◆ TASK ITEM
The copy must match the data below line for line and contain no images.

··· STORED DATA ···

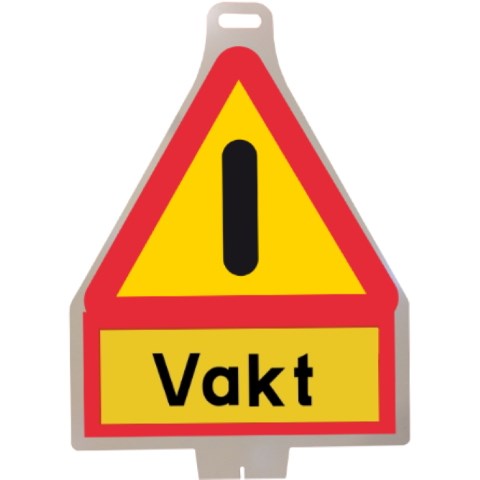 A40 Varning för annan fara, plastskylt med fluorescerande reflex och tilläggstavla med texten "VAKT". Märket anger en vägsträcka där vägarbete eller liknande arbete pågår.
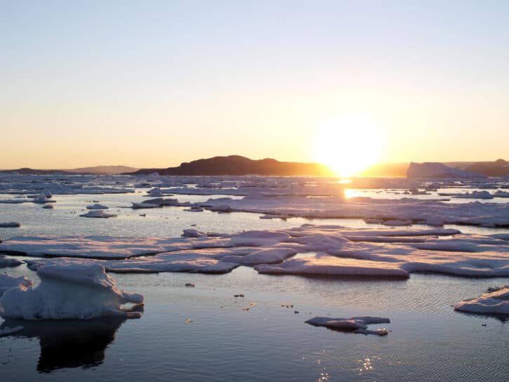 Solen går ned over Sermilik-fjorden på Øst-Grønland. Når sjøisen forsvinner fra arktiske strøk, går oppvarmingen raskere.
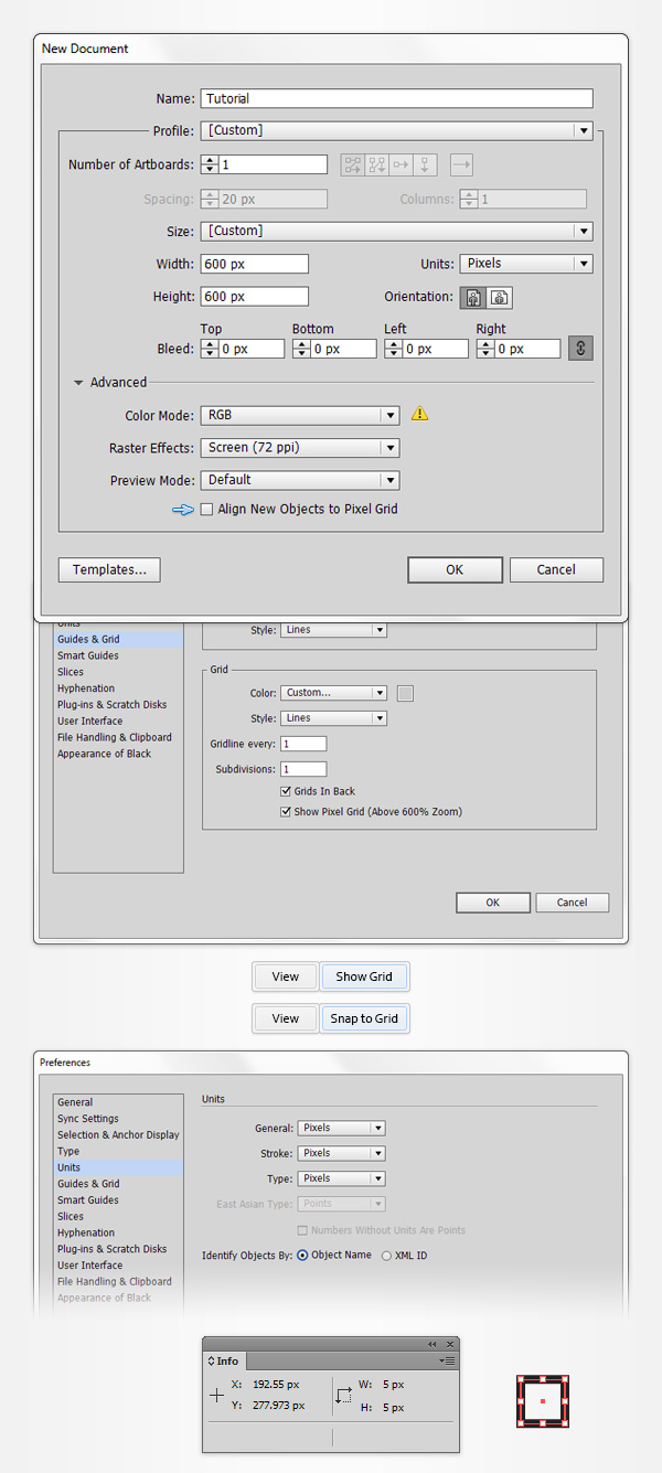 Enable the Grid (View > Show Grid) and the Snap to Grid (View > Snap to Grid). You will need a grid every 1px, so simply go to Edit > Preferences > Guides > Grid, enter 1 in the Gridline every box and 1 in the Subdivisions box. Try not to get discouraged by all that grid, it will ease your work and keep in mind that you can easily enable or disable it using the Control-“ keyboard shortcut. You should also open the Info panel (Window > Info) for a live preview with the size and position of your shapes. Do not forget to set the unit of measurement to pixels from Edit > Preferences > Units > General. All these options will significantly increase your work speed.

···

◆ FINISHED TASK
 A40 Varning för annan fara, plastskylt med fluorescerande reflex och tilläggstavla med texten "VAKT". Märket anger en vägsträcka där vägarbete eller liknande arbete pågår.
 Solen går ned over Sermilik-fjorden på Øst-Grønland. Når sjøisen forsvinner fra arktiske strøk, går oppvarmingen raskere.
 Enable the Grid (View > Show Grid) and the Snap to Grid (View > Snap to Grid). You will need a grid every 1px, so simply go to Edit > Preferences > Guides > Grid, enter 1 in the Gridline every box and 1 in the Subdivisions box. Try not to get discouraged by all that grid, it will ease your work and keep in mind that you can easily enable or disable it using the Control-“ keyboard shortcut. You should also open the Info panel (Window > Info) for a live preview with the size and position of your shapes. Do not forget to set the unit of measurement to pixels from Edit > Preferences > Units > General. All these options will significantly increase your work speed.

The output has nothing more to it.